Cast iron was completely foreign to me growing up. Except for the occasional dessert in a Dutch oven while camping, I had virtually no exposure to cast iron cookware, much less its benefits. 

I eventually was exposed to cast iron at my husband’s younger brother’s house, where it was their favorite cookware. Over the last few months, I’ve finally acquired a Dutch oven, a 12″ pan, and a much smaller pan that will probably work well for fried eggs.

Let’s talk about some of the reasons to get a few good cast iron pans. 

  • They’re tough. Unless you’re really neglectful or ridiculously rough, they can last for decades.
  • They’re non-stick without the chemicals in non-stick coatings. They’re not Teflon sort of non-stick, of course, but a well seasoned pan needs little oil when cooking. 
  • You get a lot of bang for your buck. They’re not terribly expensive for what you’re getting, particularly since they won’t need to be replaced in 5-10 years. 
  • Cast iron is oven safe. Perfect for a frittata or a cake.
  • It can be used over any heat source except the microwave. They can stand up well even with fire or coals; perfect for camping.
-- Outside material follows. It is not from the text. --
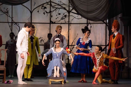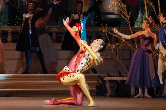 本作には実力派の日本人ダンサーたちも出演している。2020年に入団した日本出身の若手ソリスト・五十嵐大地は道化役を演じ、2幕の舞踏会の冒頭から驚くべき高さの跳躍を連発し、その踊りに思わず目を奪われる。

The biggest challenge with cast iron is its maintenance needs. They can rust, which requires scrubbing off the rust and reseasoning the pan. They can’t be scrubbed with harsh scrub brushes or detergents, although they can be cleaned with mild soapy water, contrary to myths about cast iron. And of course they need  their seasoning maintained and sometimes redone to protect the pan from rust and to make it non-stick. Even a pre-seasoned pan should be given an initial round of seasoning. 

  And thus we come to my adventures with seasoning my pans. 

I first tried to season by heating them on the stovetop and then adding oil, as one website recommended. It didn’t work too well. The pans were too hot and the oil caught fire in the small one. 

By the way, remember that water should not be used on a grease fire. I threw a handful of baking soda on it instead and it went right out. 

But now they still need to be seasoned, but I’m unwilling to try to do it that way again.  

 So I went to the site for Lodge cast iron, where they recommend washing the pan, applying a thin coat of oil of choice (I decided to try rendered bacon grease), and baking it in the oven at 350 for an hour. They should be placed upside down and have aluminum foil underneath to catch drops. So that’s where my pans are now, and we have no fires so far. 

I haven’t done the Dutch oven yet because I’m fairly certain it has rust, having been stored in my parents’ shop in an unsealed box for years. It’s going to take some serious scrubbing followed by repeated rounds of seasoning before I can use it. 

What do you think about cast iron? Do you use it? What are your favorite things to cook in it?